* Task instructions: Only the lines from the one containing "Название: Avast! Internet" through the end of the listing are to be repeated, exactly and without pictures.
- - -
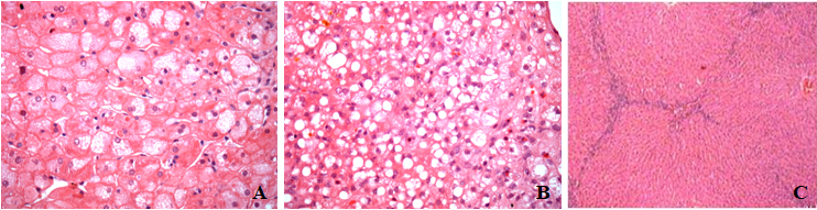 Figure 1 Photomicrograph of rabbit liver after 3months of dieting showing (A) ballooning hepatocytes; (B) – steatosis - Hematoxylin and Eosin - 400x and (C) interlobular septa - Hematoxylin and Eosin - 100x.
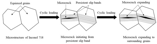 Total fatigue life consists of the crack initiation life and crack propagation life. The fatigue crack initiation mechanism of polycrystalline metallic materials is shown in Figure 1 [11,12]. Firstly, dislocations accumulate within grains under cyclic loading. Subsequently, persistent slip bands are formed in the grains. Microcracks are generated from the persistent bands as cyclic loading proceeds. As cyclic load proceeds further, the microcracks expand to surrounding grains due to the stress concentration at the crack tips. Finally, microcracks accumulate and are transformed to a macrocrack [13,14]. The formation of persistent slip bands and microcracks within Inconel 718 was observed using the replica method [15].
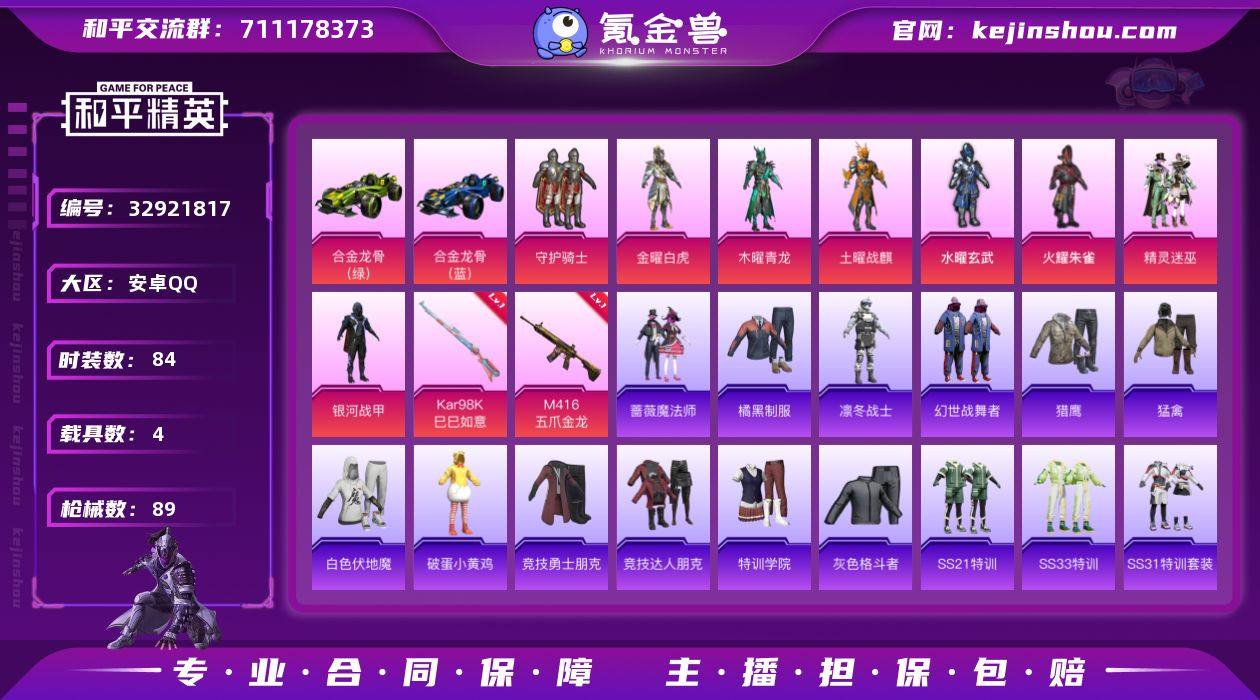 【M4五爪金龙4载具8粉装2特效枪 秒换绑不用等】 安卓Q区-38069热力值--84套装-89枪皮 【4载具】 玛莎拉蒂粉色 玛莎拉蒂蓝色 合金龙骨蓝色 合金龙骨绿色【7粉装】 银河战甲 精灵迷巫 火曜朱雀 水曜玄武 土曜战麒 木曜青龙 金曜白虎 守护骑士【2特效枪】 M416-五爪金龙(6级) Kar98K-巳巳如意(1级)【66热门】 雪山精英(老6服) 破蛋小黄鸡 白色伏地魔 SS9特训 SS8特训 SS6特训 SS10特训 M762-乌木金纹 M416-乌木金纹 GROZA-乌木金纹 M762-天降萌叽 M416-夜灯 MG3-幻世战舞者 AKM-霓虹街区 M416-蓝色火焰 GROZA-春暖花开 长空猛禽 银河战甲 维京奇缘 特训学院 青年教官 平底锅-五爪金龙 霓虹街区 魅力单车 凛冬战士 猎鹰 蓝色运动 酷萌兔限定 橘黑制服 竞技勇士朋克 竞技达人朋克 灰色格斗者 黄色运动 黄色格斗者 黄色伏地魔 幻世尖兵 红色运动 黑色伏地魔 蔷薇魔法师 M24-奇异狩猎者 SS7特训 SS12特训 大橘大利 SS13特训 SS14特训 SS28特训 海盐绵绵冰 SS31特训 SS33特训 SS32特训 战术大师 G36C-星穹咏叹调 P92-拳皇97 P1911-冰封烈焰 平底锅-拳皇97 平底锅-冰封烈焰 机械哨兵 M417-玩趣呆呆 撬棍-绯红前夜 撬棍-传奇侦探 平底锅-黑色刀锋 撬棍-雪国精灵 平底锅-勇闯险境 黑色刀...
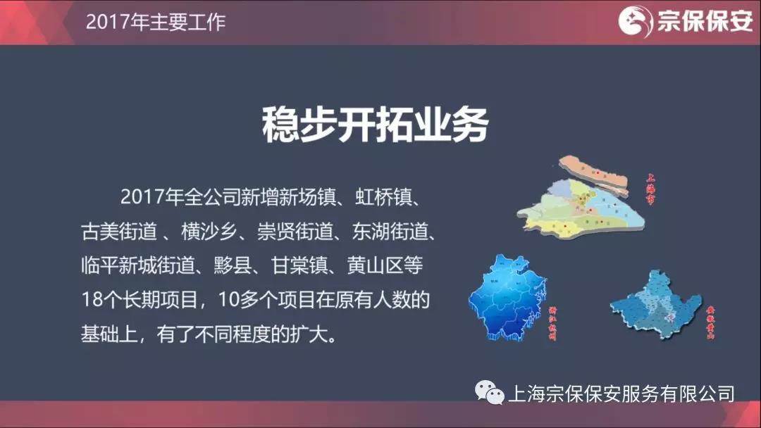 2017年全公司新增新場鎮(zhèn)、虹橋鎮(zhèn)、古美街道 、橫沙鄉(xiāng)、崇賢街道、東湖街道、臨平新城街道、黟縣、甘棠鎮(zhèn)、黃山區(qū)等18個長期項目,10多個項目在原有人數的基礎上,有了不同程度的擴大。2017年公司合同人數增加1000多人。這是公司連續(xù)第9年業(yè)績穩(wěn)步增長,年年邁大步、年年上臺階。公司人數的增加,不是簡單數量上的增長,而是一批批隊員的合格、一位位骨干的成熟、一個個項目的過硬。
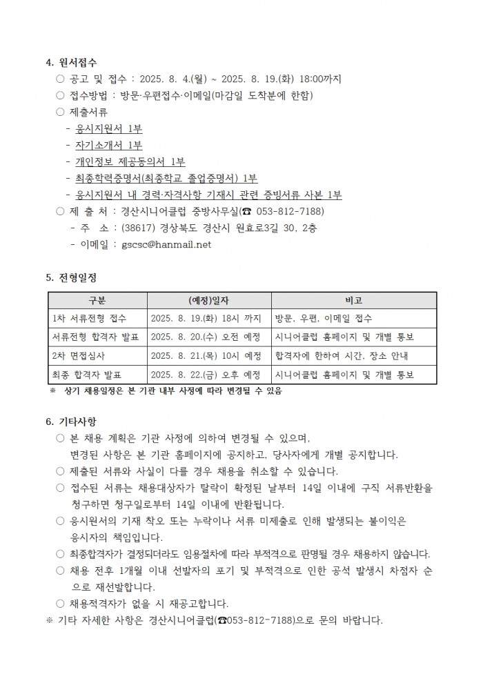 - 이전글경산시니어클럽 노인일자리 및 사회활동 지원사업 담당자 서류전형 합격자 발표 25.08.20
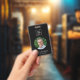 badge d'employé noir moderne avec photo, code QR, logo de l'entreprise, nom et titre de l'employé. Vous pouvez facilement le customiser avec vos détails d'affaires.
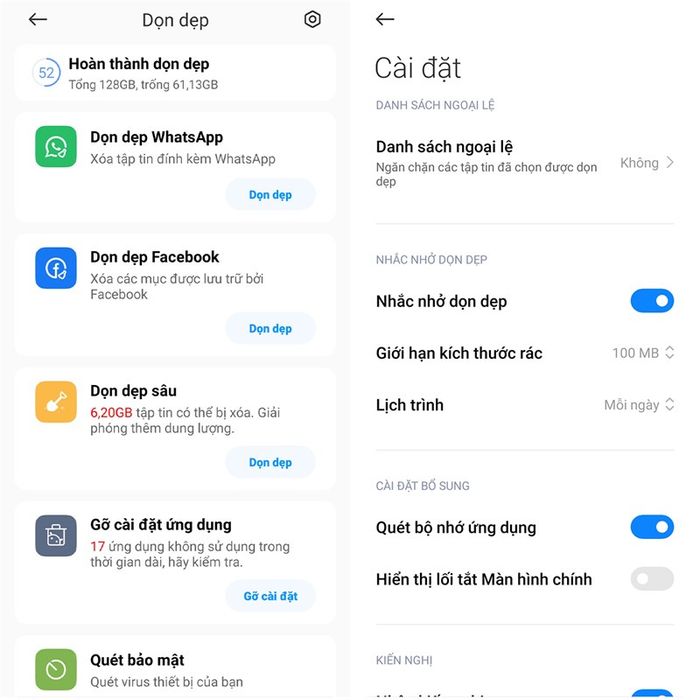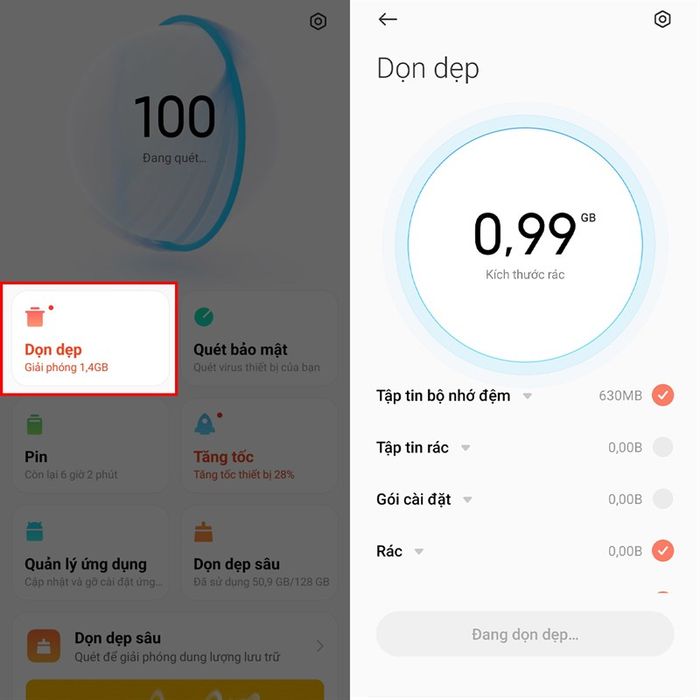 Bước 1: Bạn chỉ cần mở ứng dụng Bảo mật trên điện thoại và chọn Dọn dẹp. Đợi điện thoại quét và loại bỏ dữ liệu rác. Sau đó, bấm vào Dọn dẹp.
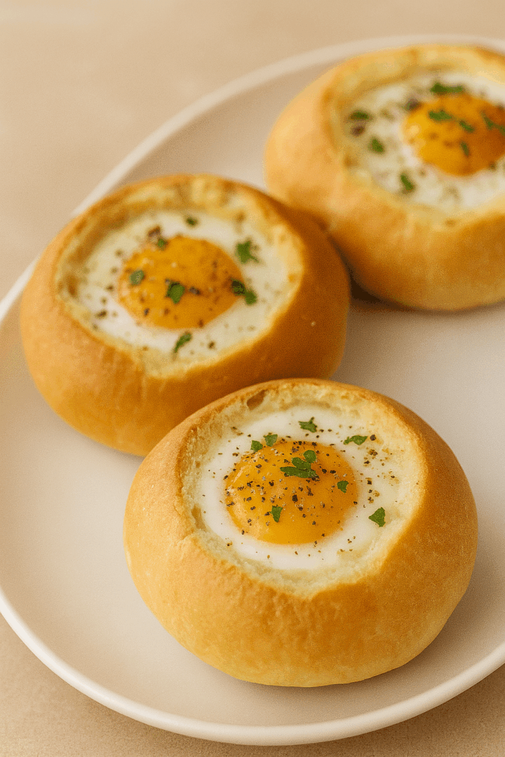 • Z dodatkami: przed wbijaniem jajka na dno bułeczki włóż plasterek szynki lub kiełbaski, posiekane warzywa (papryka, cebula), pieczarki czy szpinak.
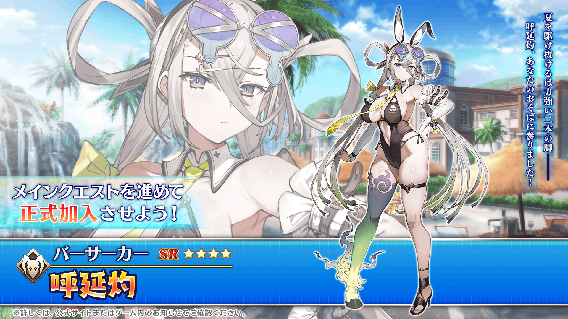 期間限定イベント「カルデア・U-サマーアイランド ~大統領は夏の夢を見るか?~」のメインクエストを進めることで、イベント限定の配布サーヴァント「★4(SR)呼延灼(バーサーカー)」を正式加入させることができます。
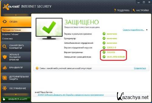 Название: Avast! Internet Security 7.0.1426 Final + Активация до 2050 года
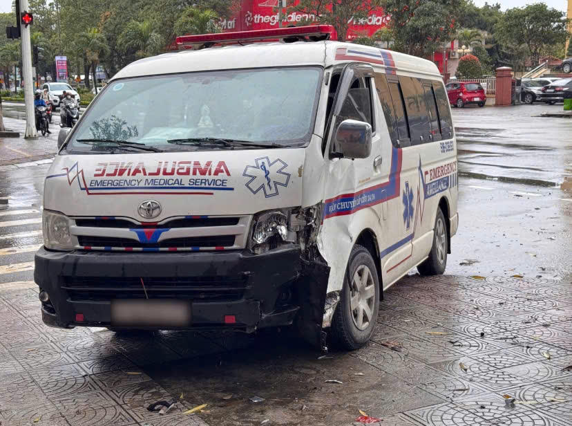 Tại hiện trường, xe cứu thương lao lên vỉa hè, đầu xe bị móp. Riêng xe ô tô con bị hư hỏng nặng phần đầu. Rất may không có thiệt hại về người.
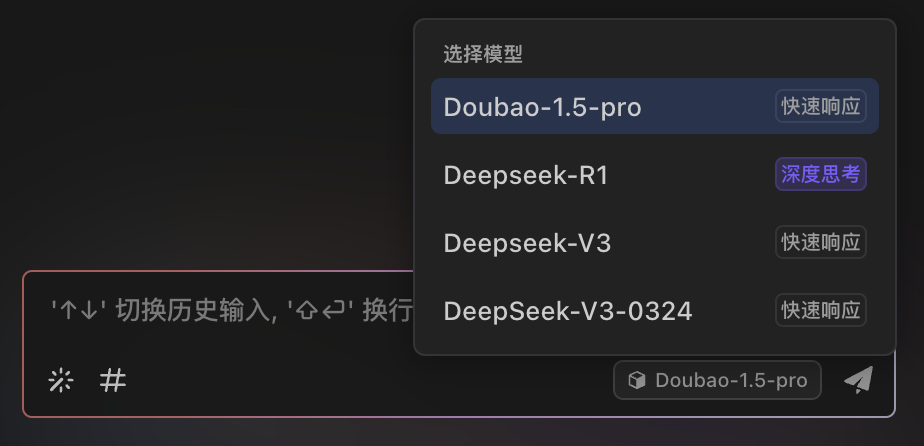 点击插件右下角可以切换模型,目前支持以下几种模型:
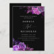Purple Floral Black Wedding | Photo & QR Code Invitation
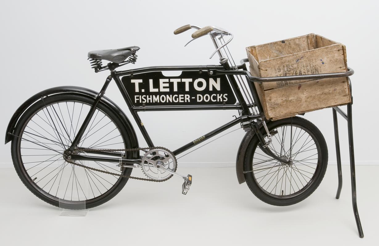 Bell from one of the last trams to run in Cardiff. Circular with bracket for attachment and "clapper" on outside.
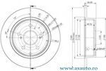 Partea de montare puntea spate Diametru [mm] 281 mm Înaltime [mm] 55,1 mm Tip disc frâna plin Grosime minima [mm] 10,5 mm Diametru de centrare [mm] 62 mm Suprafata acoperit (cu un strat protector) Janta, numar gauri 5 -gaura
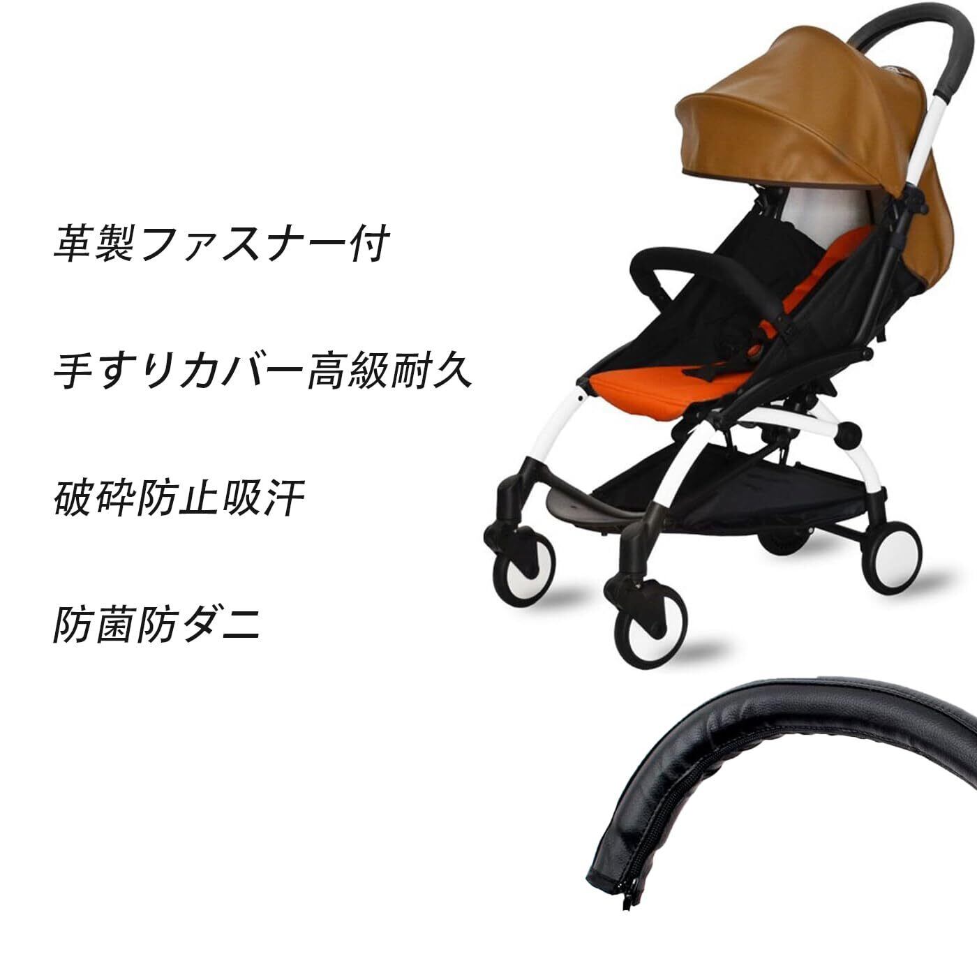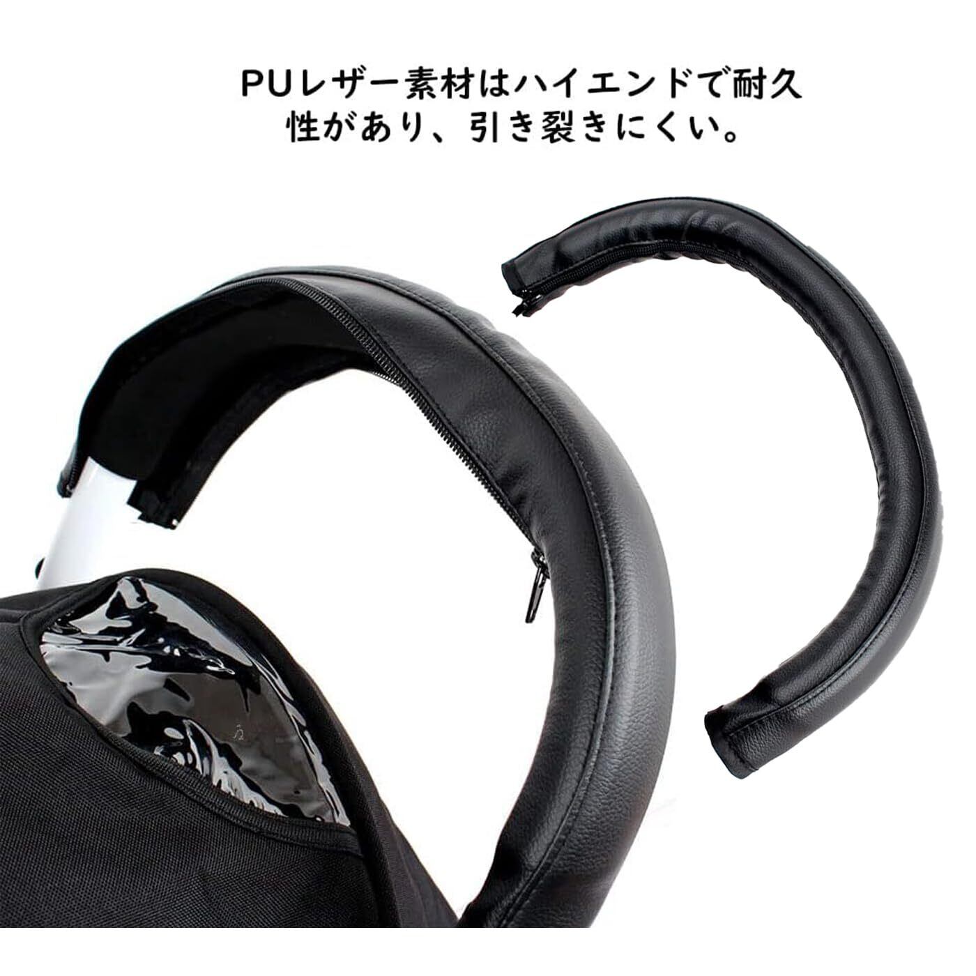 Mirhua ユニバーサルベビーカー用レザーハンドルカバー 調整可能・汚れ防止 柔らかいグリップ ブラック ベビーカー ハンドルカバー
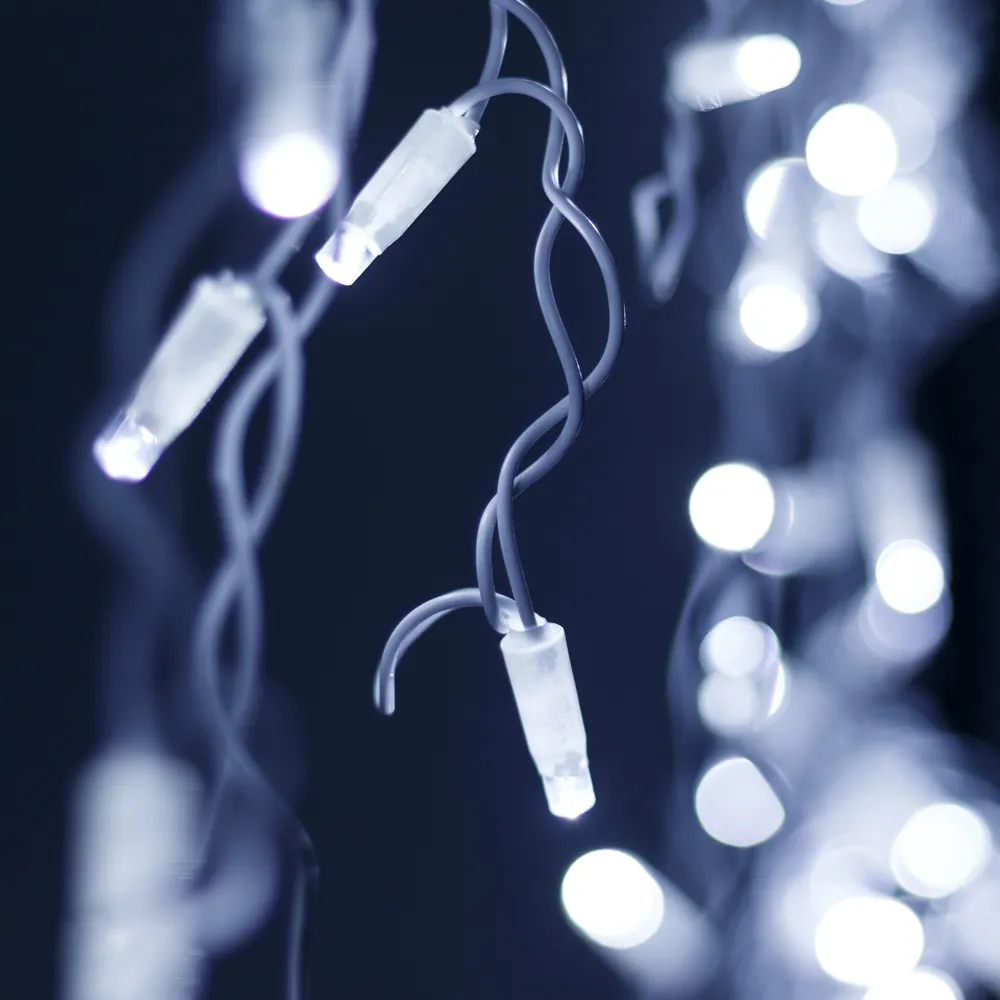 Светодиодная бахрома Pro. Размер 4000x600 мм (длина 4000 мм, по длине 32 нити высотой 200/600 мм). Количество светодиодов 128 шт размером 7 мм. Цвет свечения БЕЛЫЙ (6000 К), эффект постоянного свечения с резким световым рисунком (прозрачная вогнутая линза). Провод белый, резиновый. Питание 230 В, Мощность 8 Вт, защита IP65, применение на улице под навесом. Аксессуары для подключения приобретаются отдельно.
- - -
* Exercise result:
 Название: Avast! Internet Security 7.0.1426 Final + Активация до 2050 года
 Tại hiện trường, xe cứu thương lao lên vỉa hè, đầu xe bị móp. Riêng xe ô tô con bị hư hỏng nặng phần đầu. Rất may không có thiệt hại về người.
 点击插件右下角可以切换模型,目前支持以下几种模型:
Purple Floral Black Wedding | Photo & QR Code Invitation
 Bell from one of the last trams to run in Cardiff. Circular with bracket for attachment and "clapper" on outside.
 Partea de montare puntea spate Diametru [mm] 281 mm Înaltime [mm] 55,1 mm Tip disc frâna plin Grosime minima [mm] 10,5 mm Diametru de centrare [mm] 62 mm Suprafata acoperit (cu un strat protector) Janta, numar gauri 5 -gaura
 Mirhua ユニバーサルベビーカー用レザーハンドルカバー 調整可能・汚れ防止 柔らかいグリップ ブラック ベビーカー ハンドルカバー
 Светодиодная бахрома Pro. Размер 4000x600 мм (длина 4000 мм, по длине 32 нити высотой 200/600 мм). Количество светодиодов 128 шт размером 7 мм. Цвет свечения БЕЛЫЙ (6000 К), эффект постоянного свечения с резким световым рисунком (прозрачная вогнутая линза). Провод белый, резиновый. Питание 230 В, Мощность 8 Вт, защита IP65, применение на улице под навесом. Аксессуары для подключения приобретаются отдельно.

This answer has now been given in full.